◆ YOUR INSTRUCTIONS
Make an exact copy of the records below, excluding images.

Dataset records:
·····

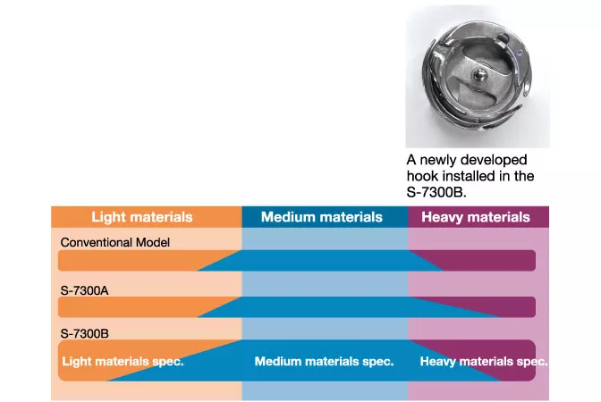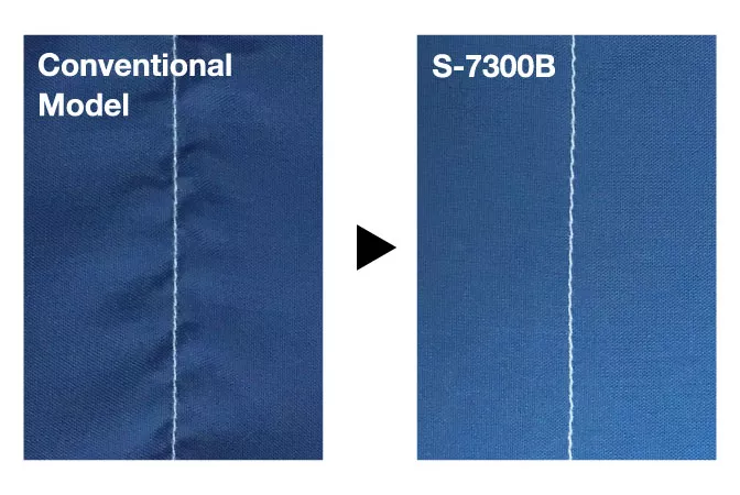 The S-7300B also features the short thread remaining function that was well received on the S-7300A. Also features an improved bird’s nest reduction function that makes it easier to use. These thread technologies reduce the amount of thread treatment work after sewing, improving productivity and reducing the burden on workers.
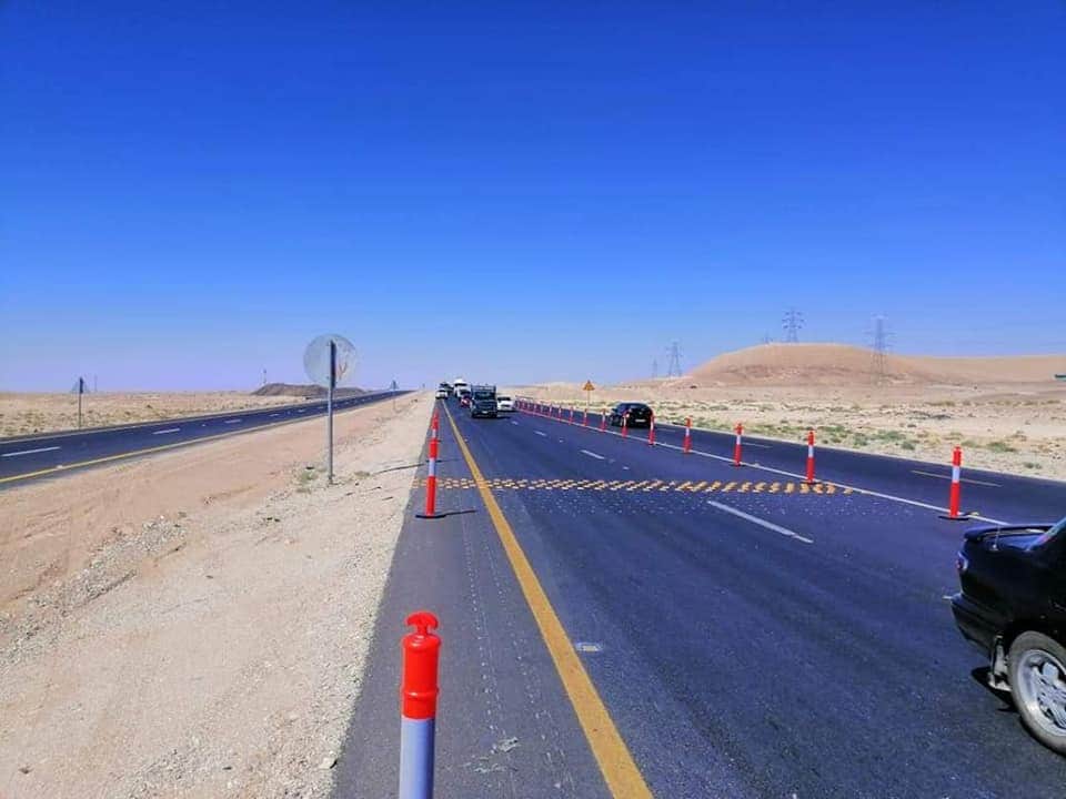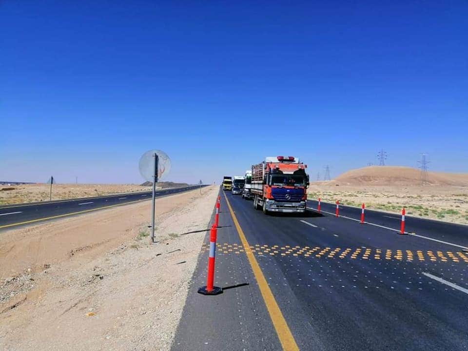 حيث أنه تم أغلاق منطقة عمل جديدة وتجهيز تحويلة مرورية من الطريق ضمن أعمال أعاده إنشاء الطريق الصحراوي في منطقة جرف الدراويش بين المحطات تحويلة DR02 118+600 - 127+760 المنطقة مجهزه بكافه عناصر السلامه المروريه من إشارات تحذيرية وإرشادية ولوحات وأسهم مضيئة وأعمده عاكسه وجميع المتطلبات الأخرى
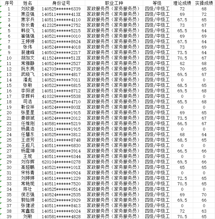 晉城市潔霸清潔服務(wù)股份有限公司職業(yè)技能等級(jí)認(rèn)定中心現(xiàn)將2024年1月28日認(rèn)定人員成績公示如下:
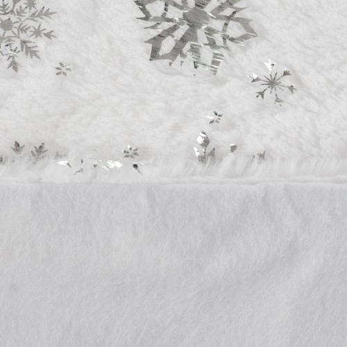 Dankzij de diameter van 120 cm biedt de rok voldoende ruimte om de standaard te verbergen en cadeaus onder de boom te schikken. Gemaakt van hoogwaardig textielmateriaal, biedt het zachtheid en comfort, terwijl de zilveren sneeuwvlokken een feestelijke glans geven.
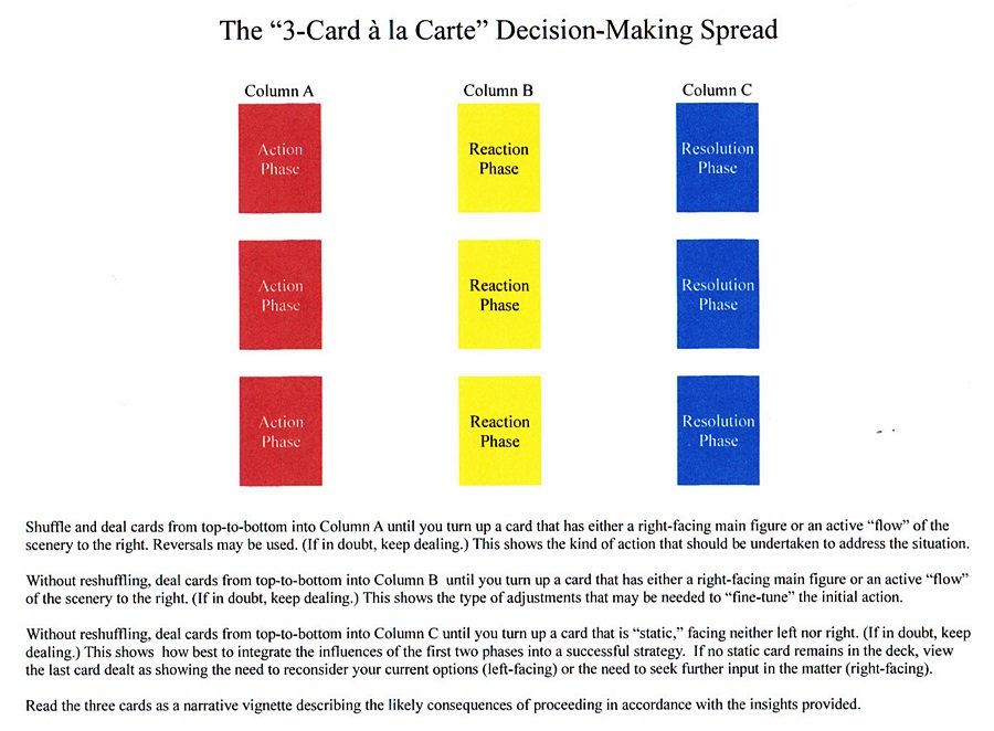 Barleywine Posted April 11, 2020 Posted April 11, 2020 (edited) Most of you know that I'm not a fan of 3-card readings since I think they take too narrow a slice of the deck and tell too shallow a story. If I use them, I prefer to extract the cards from a larger population of drawn cards using some kind of a "pointer." In this case I'm relying on the nominal "facing" of the figures or landscape features on the cards in each of three positions to determine which of them to read in the columns. (This is what used to be called a "Chinese menu" approach ["I'll have one from Column A, one from Column B and one from Column C"], but I imagine that is now politically incorrect.) The first two cards use rightward orientation to progress the reading, while the last card is "static" (facing neither left nor right) to reflect the end (and the resolution) of the matter. Reversal can be used with this spread, which may also switch the normal upright facing and alter the flow of the cards. Cards are dealt top-to-bottom into each column until a card of the correct facing turns up. When that happens, the deal moves on to the next column. If there are no static cards remaining in the deck when the third column is dealt, the last card pulled should be taken to mean that the initial assumptions must be reconsidered if it is left-facing, or that further input should be sought before taking any action if it faces to the right. Since the deck will have been exhausted at this point, precluding clarifiers, there are a couple of choices: do another reading using a second deck and a different spread to extend the outlook; pull the clarifiers from another deck; or use the "quintessence" to obtain a "roll-up" perspective on the situation. My personal choice would be the first one. Edited April 11, 2020 by Barleywine

·····

◆ EXERCISE RESULT
 The S-7300B also features the short thread remaining function that was well received on the S-7300A. Also features an improved bird’s nest reduction function that makes it easier to use. These thread technologies reduce the amount of thread treatment work after sewing, improving productivity and reducing the burden on workers.
 حيث أنه تم أغلاق منطقة عمل جديدة وتجهيز تحويلة مرورية من الطريق ضمن أعمال أعاده إنشاء الطريق الصحراوي في منطقة جرف الدراويش بين المحطات تحويلة DR02 118+600 - 127+760 المنطقة مجهزه بكافه عناصر السلامه المروريه من إشارات تحذيرية وإرشادية ولوحات وأسهم مضيئة وأعمده عاكسه وجميع المتطلبات الأخرى
 晉城市潔霸清潔服務(wù)股份有限公司職業(yè)技能等級(jí)認(rèn)定中心現(xiàn)將2024年1月28日認(rèn)定人員成績公示如下:
 Dankzij de diameter van 120 cm biedt de rok voldoende ruimte om de standaard te verbergen en cadeaus onder de boom te schikken. Gemaakt van hoogwaardig textielmateriaal, biedt het zachtheid en comfort, terwijl de zilveren sneeuwvlokken een feestelijke glans geven.
 Barleywine Posted April 11, 2020 Posted April 11, 2020 (edited) Most of you know that I'm not a fan of 3-card readings since I think they take too narrow a slice of the deck and tell too shallow a story. If I use them, I prefer to extract the cards from a larger population of drawn cards using some kind of a "pointer." In this case I'm relying on the nominal "facing" of the figures or landscape features on the cards in each of three positions to determine which of them to read in the columns. (This is what used to be called a "Chinese menu" approach ["I'll have one from Column A, one from Column B and one from Column C"], but I imagine that is now politically incorrect.) The first two cards use rightward orientation to progress the reading, while the last card is "static" (facing neither left nor right) to reflect the end (and the resolution) of the matter. Reversal can be used with this spread, which may also switch the normal upright facing and alter the flow of the cards. Cards are dealt top-to-bottom into each column until a card of the correct facing turns up. When that happens, the deal moves on to the next column. If there are no static cards remaining in the deck when the third column is dealt, the last card pulled should be taken to mean that the initial assumptions must be reconsidered if it is left-facing, or that further input should be sought before taking any action if it faces to the right. Since the deck will have been exhausted at this point, precluding clarifiers, there are a couple of choices: do another reading using a second deck and a different spread to extend the outlook; pull the clarifiers from another deck; or use the "quintessence" to obtain a "roll-up" perspective on the situation. My personal choice would be the first one. Edited April 11, 2020 by Barleywine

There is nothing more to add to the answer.